Com o passar do tempo, Bucha conheceu irmãos, que moravam em Santos (SP) e também tinham sido abandonados pelo mesmo pai. Eles acabaram vindo para Poços de Caldas e, trabalhando na Saci-Pô, puderam conviver de perto com o irmão poços-caldense.
Quando decidiram procurar o pai, conseguiram um número de telefone. Quem ligou, com um misto de coragem e nervosismo, foi Bucha.
Ainda nesta ligação, Bucha conheceu outra irmã e ficou sabendo que tinha ainda mais um irmão. De filho único, passou a fazer parte de uma grande família. Eram cinco: Ailton (Bucha), Rose, Júnior, Helen e Carlos.
Ele conta que nunca questionou o pai sobre os motivos que o fizeram partir.
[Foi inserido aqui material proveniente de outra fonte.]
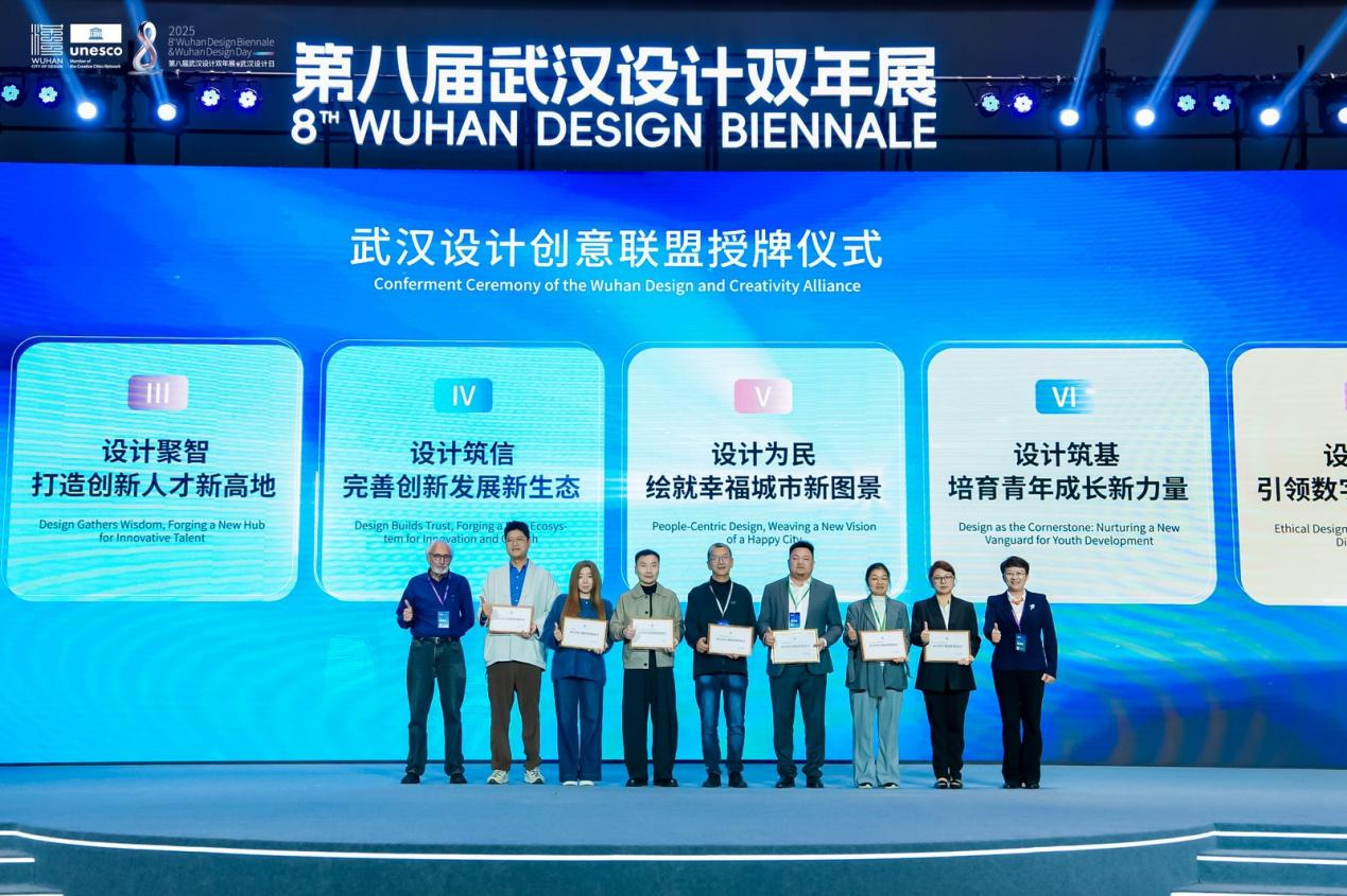 武漢有設計相關專業(yè)高校50余所,設計專業(yè)在校學生近10萬人,設計相關企業(yè)突破1萬家,10余個設計行業(yè)協(xié)會,從業(yè)人員超50萬,形成了強大的“設計創(chuàng)意聯盟”,催生出了集產業(yè)鏈、創(chuàng)新鏈、人才鏈、價值鏈于一體的融合創(chuàng)新發(fā)展生態(tài)體系。在開幕式的最后,“武漢設計創(chuàng)意聯盟”正式授牌,來自設計企業(yè)、行業(yè)協(xié)會、高校院所和獨立設計師等領域多元設計力量代表共同見證。未來,“武漢設計創(chuàng)意聯盟”將奮力實現設計融城,構筑協(xié)同發(fā)展新范式;設計賦能,激活產業(yè)升級新動能;設計聚智,打造創(chuàng)新人才新高地;設計筑信,完善創(chuàng)新發(fā)展新生態(tài);設計為民,繪就幸福城市新圖景;設計筑基,培育青年成長新力量;設計向善,引領數字文明新航向;設計聯通,拓展國際交往新空間八大目標。

Osvaldo morava no Mato Grosso, mas também passava algum tempo na casa da filha Helen, em Tanabi, cidade paulista próxima a São José do Rio Preto.
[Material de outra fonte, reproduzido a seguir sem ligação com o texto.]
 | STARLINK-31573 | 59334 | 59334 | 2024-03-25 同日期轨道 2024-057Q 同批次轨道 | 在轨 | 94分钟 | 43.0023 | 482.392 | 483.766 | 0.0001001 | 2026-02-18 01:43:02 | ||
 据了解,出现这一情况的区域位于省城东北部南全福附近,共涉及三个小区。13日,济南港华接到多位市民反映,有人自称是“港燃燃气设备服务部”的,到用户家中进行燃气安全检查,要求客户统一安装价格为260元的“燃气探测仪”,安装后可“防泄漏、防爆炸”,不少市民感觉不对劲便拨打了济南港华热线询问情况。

O encontro presencial finalmente aconteceu em 2014. Bucha convidou o pai para vir a Poços de Caldas e conhecer os netos, Bruno e Ailton. A chegada foi surpresa e o encontro chamou atenção dos moradores da rua Barão do Campo Místico.
“São muitos anos esperando, mas a vontade que a gente tinha, e temos, de poder abraçar o nosso pai, era muita”, declarou emocionado na ocasião, em entrevista para a TV Poços.
Antes de encerrar este trecho da reportagem, é importante citar que Bucha parece ser um ótimo pai. Fala com carinho e orgulho dos filhos, que também são seus parceiros de samba.
Futebol
Poucos sabem, mas Ailton Santana era um promissor jogador de futebol. Ele começou a treinar ainda criança nas categorias de base da Caldense, com um incentivo especial, do técnico Mané da Pinta.
Mané também era responsável pela casa de máquinas das Thermas Antônio Carlos, na década de 1970. Bucha frequentava o local porque estava sempre acompanhando o vendedor de laranjas chamado por ele carinhosamente de Vô Mário, marido de Mãe Dita. O casal cuidava dele quando não ia para escola por conta das suspensões que levava. “Eu não era mal educado, mas fazia bagunça”, comenta sorrindo.
Voltando ao futebol, Bucha era um bom lateral direito. Aliás, talvez não fosse tão promissor. “Dava voadora, eu era meio enfezado”, diz.
Ele chegou a jogar profissionalmente, ganhando salário, mas acabou deixando o esporte e se dedicando à música.
Silvio Santos
Outra vertente profissional do Mestre Bucha é o canto. Naturalmente afinado, decidiu se inscrever para o programa de calouros do Silvio Santos enquanto fazia compras em São Paulo para a Saci-Pô.
Ele entrou na fila da inscrição e, ainda no teste, chamou atenção do Maestro Zezinho. Em seguida, recebeu da produção do Show de Calouros o dinheiro das passagens para voltar à capital na data marcada e gravar o programa.
Bucha lembra que Silvio Santos tratava os calouros com educação e respeito. Antes de começar, o apresentador cumprimentava todos os participantes: “Esse programa faz sucesso por causa de vocês, obrigado”, dizia Silvio.
Na hora de chamar o calouro, Silvio errou o nome e anunciou o candidato “Ilton”. Bucha entrou rindo, explicou que o correto era Ailton e já aproveitou o clima descontraído para se acalmar antes da apresentação. “As pernas estavam tremendo”, lembra.
Aprovado por nomes como Décio Piccinini e Pedro de Lara, Bucha se destacou entre os concorrentes. Depois, ainda foi premiado nos programas de Raul Gil e Bolinha, que também tinham quadros de calouros.
No mundo da música, Bucha não deixou o talentoà frente dos estudos. Dedicou-se a aprender percussão e estudou sobre Carnaval na Universidade Estácio de Sá, com nomes como Milton Cunha, entre outros cursos.
Amigo pessoal de Neguinho da Beija-Flor, Bucha é um mestre de bateria dos melhores. Nesta trajetória de mais de 50 anos, formou outros mestres e hoje se orgulha de todos seus aprendizes. o livro desta vida continua sendo escrito,
É claro que a história dele tem outros episódios, mas não dá pra contar tudo em uma única reportagem. Ainda tem mais: afinal Bucha tem muito a contribuir para o Carnaval e para a cultura de Poços. Por enquanto, só resta agradecer: obrigado, Mestre!